So far I’ve not had issues with TB3. One port has a TB3 hub that adds 5 USB 3, 2 USBC, a TB3 through, ethernet, and DisplayPort. That drives several SSDs in USB3 enclosures As well as a second monitor. The other port carries TB3 Thunderbay with DisplayPort and TB3 through, that connects to TB2 Thunderbay mini. Currently the TB2 through on Thunderbay mini connects to a third monitor, but I plan to move that to the Displayport out on the Thunderbay, freeing up the TB2 at the end of the chain. I’m not having any bandwidth issue with this setup, despite having 10 SSDs and two 2k monitors connected via Thunderbolt. I’ll add i used this configuration on a 2015 iMac with TB2 and it also showed no sign of hitting the bandwidth limit, so I‘m not too concerned.


----------



## berto (Dec 23, 2020)

Fitz said:


> this. Go PC in the meantime or wait it out. Do you want to buy an outdated machine for 10K?

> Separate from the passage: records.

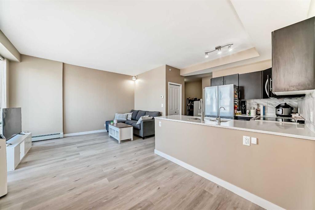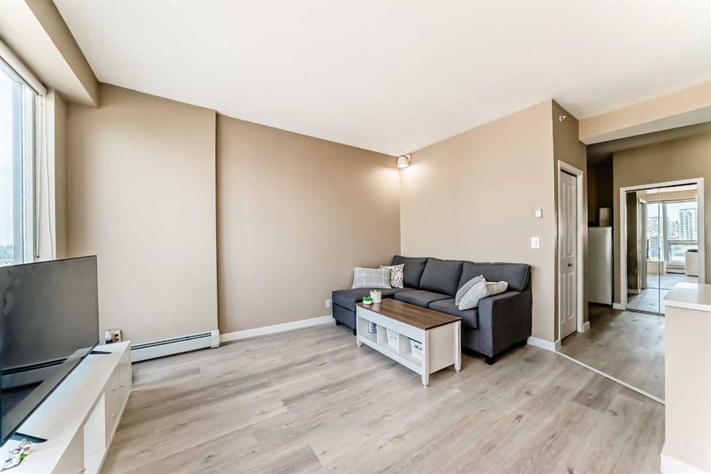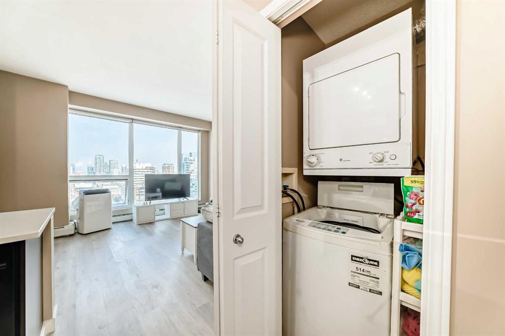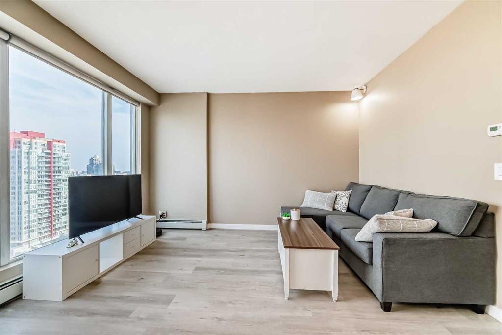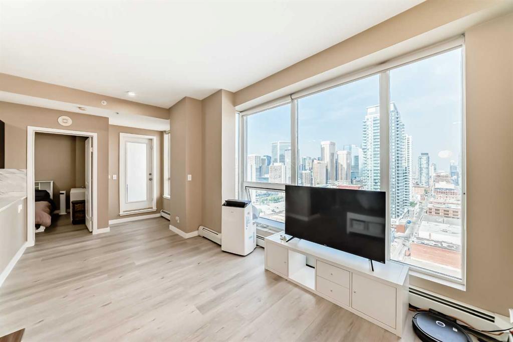 This 1-Bedroom plus office/den space Condo in the Heart of Calgary's Beltline. Welcome to this beautifully appointed 1-bedroom and den condo, ideally located on the 18th floor, with views, in the vibrant Beltline community of Calgary. I've seen more condos than I can remember, but this is one of my favourite floor plans. The kitchen has everything you need and the space to make a full dinner: SS appliances, including an oversized double-door refrigerator, Quartz counters, and ample counter space. Newer luxury vinyl plank flooring throughout, and large windows allow the natural light to cascade in and offers you a beautiful view of the Calgary city skyline. There's a space for an office, and you can relax on your private balcony and enjoy morning coffees or dinners with the view. Just steps away on the back side of the building is a Major grocery store, a Co-op, Asian and organic grocery options. Conveniently located to famous 17th Ave in Calgary, which offers the best dining options for the Calgary Food Scene. Don’t forget to take advantage of the free downtown light rail system, which is conveniently located mere blocks away from the apartment. Located steps away from the Bow River, you’ll enjoy easy access to scenic strolls, cycling, walking, and nearby parks such as the famous Princess Island Park. This condo comes with one titled underground parking stall #260; your vehicle is protected year-round. The building also offers secure access, providing residents with peace of mind. The gym is on the second floor. Condo fees include heat, water, and electricity. The building has security cameras and 4 main elevators for ease of access. THIS CONDO HAS EVERYTHING YOU NEED TO MAKE IT AN IDEAL 1ST HOME OR FOR AN INVESTMENT. Pets allowed with approval.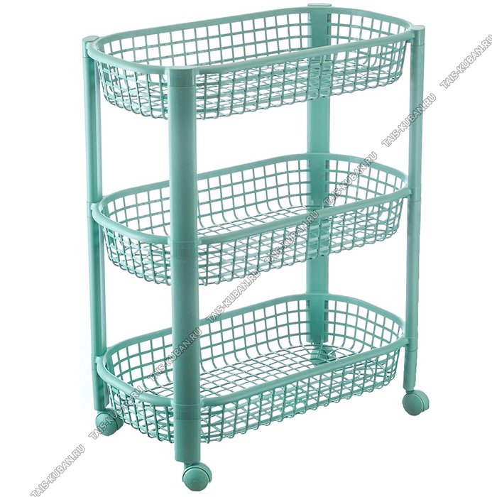 Этажерка 3-х яр (44х31 h69см) на колес,овал, фисташк, сетчат.корзины (3)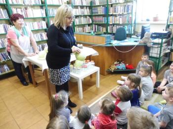 Wyjątkowym zainteresowaniem włosienickich przedszkolaków cieszyła się lekcja biblioteczna i spotkanie z panią Marią Stachurą – Przewodnicząca KGW we Włosienicy. Tematem przewodnim spotkania była uprawa i obróbka białej kapusty.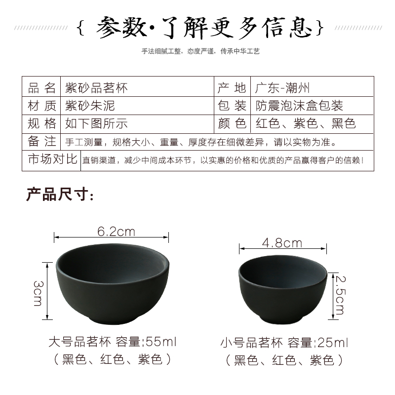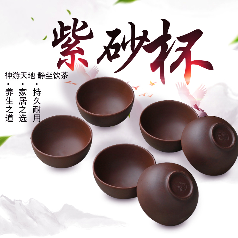 宜兴紫砂杯品茗功夫陶瓷杯大小号主人杯茶碗茶具套装直口杯子包邮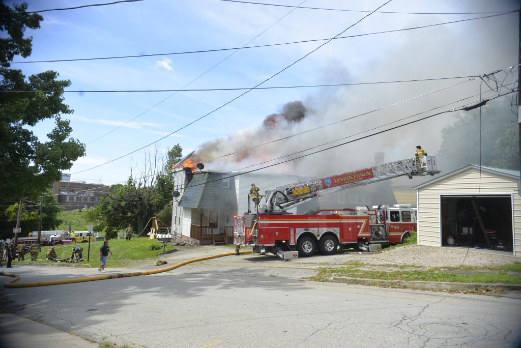Uniontown Fire Department Lt. Scott Conn said the fire presented a challenge because it reached void spaces in the house. “Balloon frame building” is a common feature of older buildings, which can create hidden fire trapped in the voids.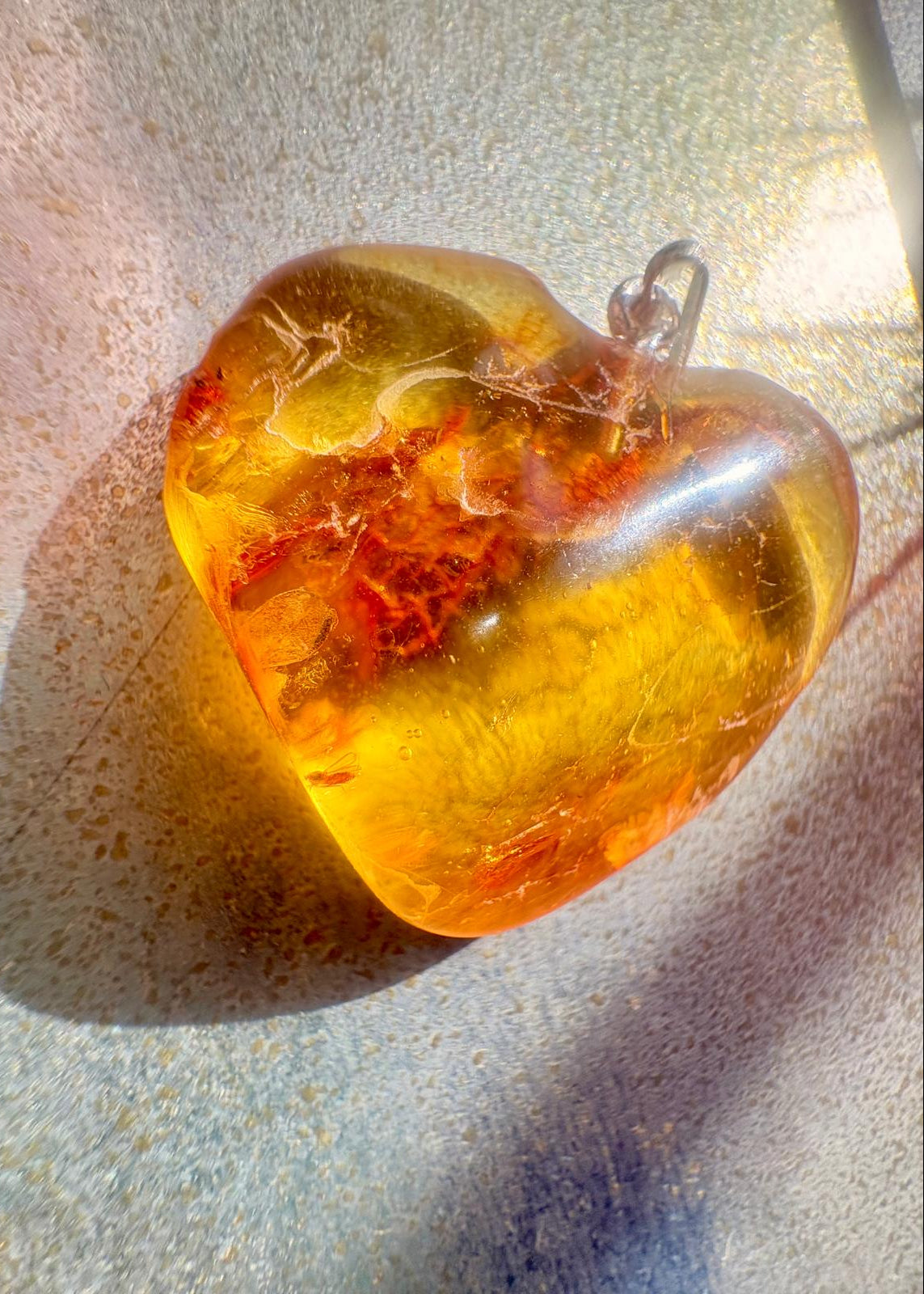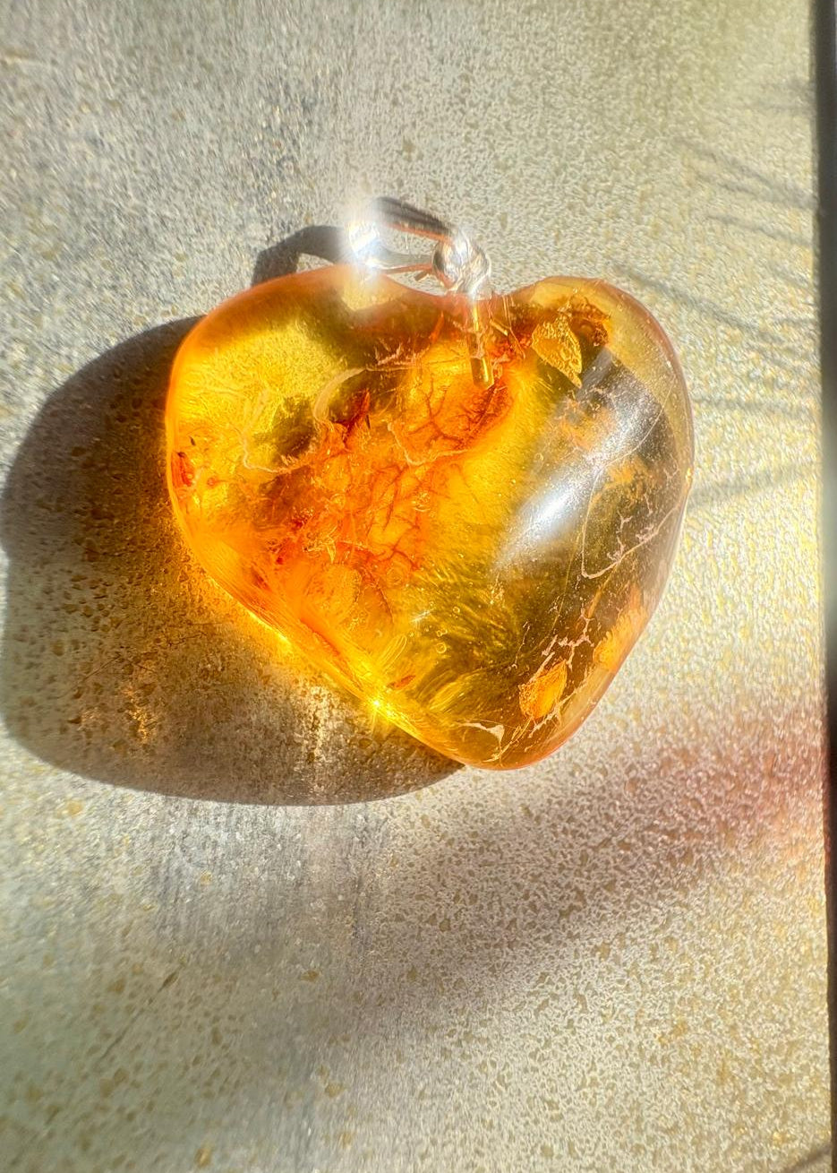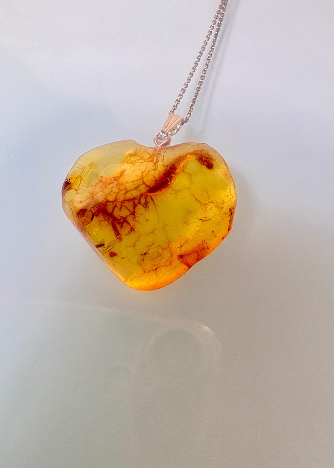 Bernstein Anhänger in Herzform mit 4 organischen Inklusen
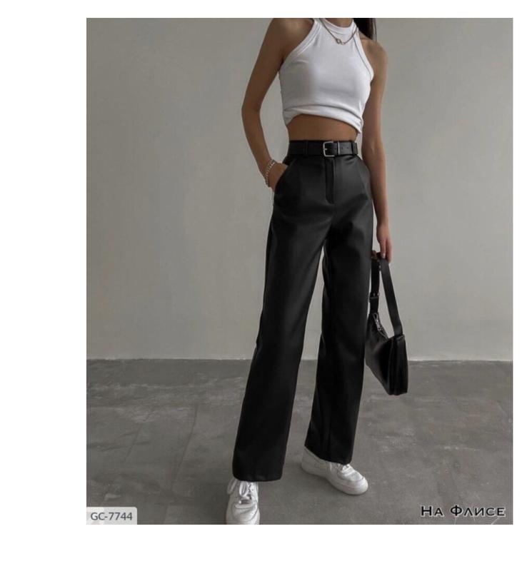 Размеры: 42-44;44-46;46-48 Кожанные брюки клёш на флисе Ткань: экокожа на флисе Цвет: чёрный (плюс пояс 20грн)

no i am using LogicPro... and i am a PC illiterate, and somehow i don't really like windows...so... sorry


----------



## khollister (Dec 23, 2020)

jbuhler said:


> So far I’ve not had issues with TB3. One port has a TB3 hub that adds 5 USB 3, 2 USBC, a TB3 through, ethernet, and DisplayPort. That drives several SSDs in USB3 enclosures As well as a second monitor. The other port carries TB3 Thunderbay with DisplayPort and TB3 through, that connects to TB2 Thunderbay mini. Currently the TB2 through on Thunderbay mini connects to a third monitor, but I plan to move that to the Displayport out on the Thunderbay, freeing up the TB2 at the end of the chain. I’m not having any bandwidth issue with this setup, despite having 10 SSDs and two 2k monitors connected via Thunderbolt. I’ll add i used this configuration on a 2015 iMac with TB2 and it also showed no sign of hitting the bandwidth limit, so I‘m not too concerned.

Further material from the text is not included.